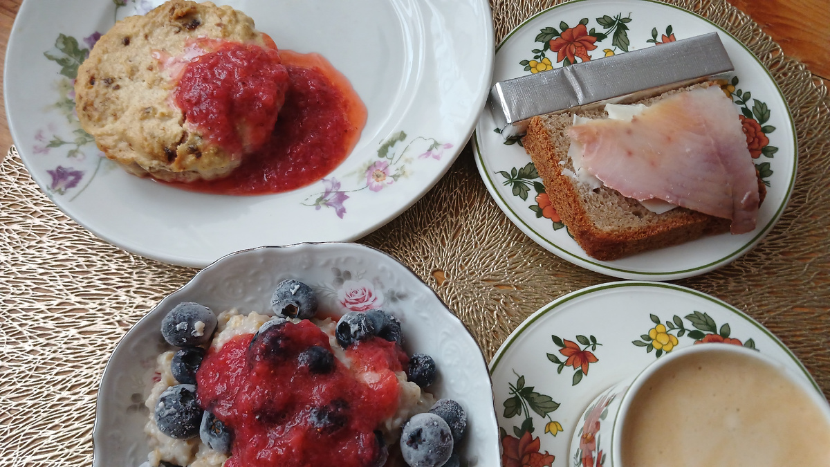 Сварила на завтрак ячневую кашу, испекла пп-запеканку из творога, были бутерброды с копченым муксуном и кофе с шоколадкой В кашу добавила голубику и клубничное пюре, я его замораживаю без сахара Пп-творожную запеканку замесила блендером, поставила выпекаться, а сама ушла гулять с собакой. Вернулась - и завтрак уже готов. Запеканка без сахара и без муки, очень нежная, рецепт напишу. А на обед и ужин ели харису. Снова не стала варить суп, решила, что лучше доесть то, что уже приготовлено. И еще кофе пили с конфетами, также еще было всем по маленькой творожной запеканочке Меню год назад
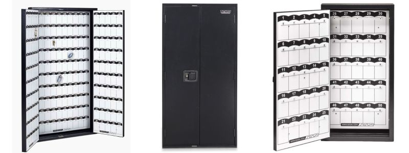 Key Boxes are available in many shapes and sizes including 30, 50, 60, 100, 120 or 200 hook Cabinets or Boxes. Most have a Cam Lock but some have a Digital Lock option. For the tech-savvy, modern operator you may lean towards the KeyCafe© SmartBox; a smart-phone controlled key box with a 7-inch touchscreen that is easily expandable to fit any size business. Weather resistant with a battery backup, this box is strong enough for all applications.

==

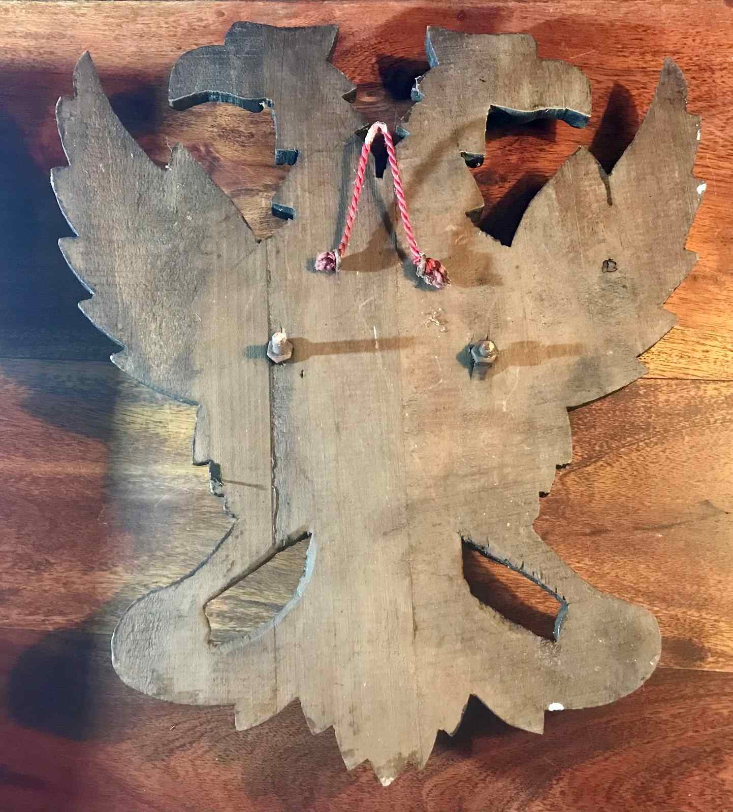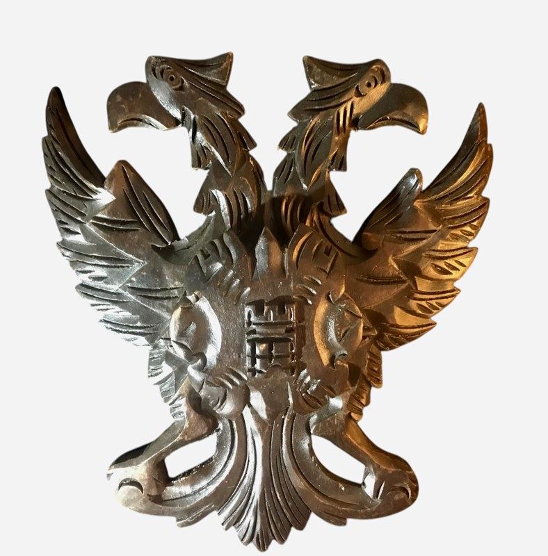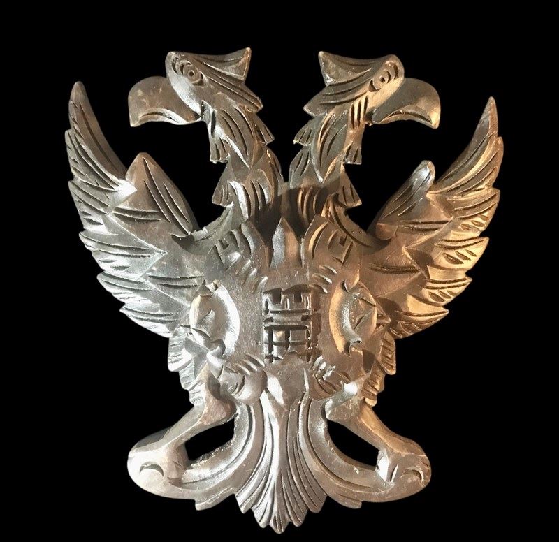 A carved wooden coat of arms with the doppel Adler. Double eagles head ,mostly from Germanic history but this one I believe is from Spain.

--

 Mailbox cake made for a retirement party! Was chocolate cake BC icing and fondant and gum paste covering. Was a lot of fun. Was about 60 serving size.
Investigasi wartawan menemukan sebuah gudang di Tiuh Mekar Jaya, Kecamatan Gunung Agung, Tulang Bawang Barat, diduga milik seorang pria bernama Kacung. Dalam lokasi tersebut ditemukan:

> **WORK TO BE COMPLETED**
Beginning with the line that contains "Сварила на завтрак", write out the lines of the material above exactly, and end with the line that contains "Key Boxes are". Omit the pictures.

> **RESPONSE BELOW**
 Сварила на завтрак ячневую кашу, испекла пп-запеканку из творога, были бутерброды с копченым муксуном и кофе с шоколадкой В кашу добавила голубику и клубничное пюре, я его замораживаю без сахара Пп-творожную запеканку замесила блендером, поставила выпекаться, а сама ушла гулять с собакой. Вернулась - и завтрак уже готов. Запеканка без сахара и без муки, очень нежная, рецепт напишу. А на обед и ужин ели харису. Снова не стала варить суп, решила, что лучше доесть то, что уже приготовлено. И еще кофе пили с конфетами, также еще было всем по маленькой творожной запеканочке Меню год назад
 Key Boxes are available in many shapes and sizes including 30, 50, 60, 100, 120 or 200 hook Cabinets or Boxes. Most have a Cam Lock but some have a Digital Lock option. For the tech-savvy, modern operator you may lean towards the KeyCafe© SmartBox; a smart-phone controlled key box with a 7-inch touchscreen that is easily expandable to fit any size business. Weather resistant with a battery backup, this box is strong enough for all applications.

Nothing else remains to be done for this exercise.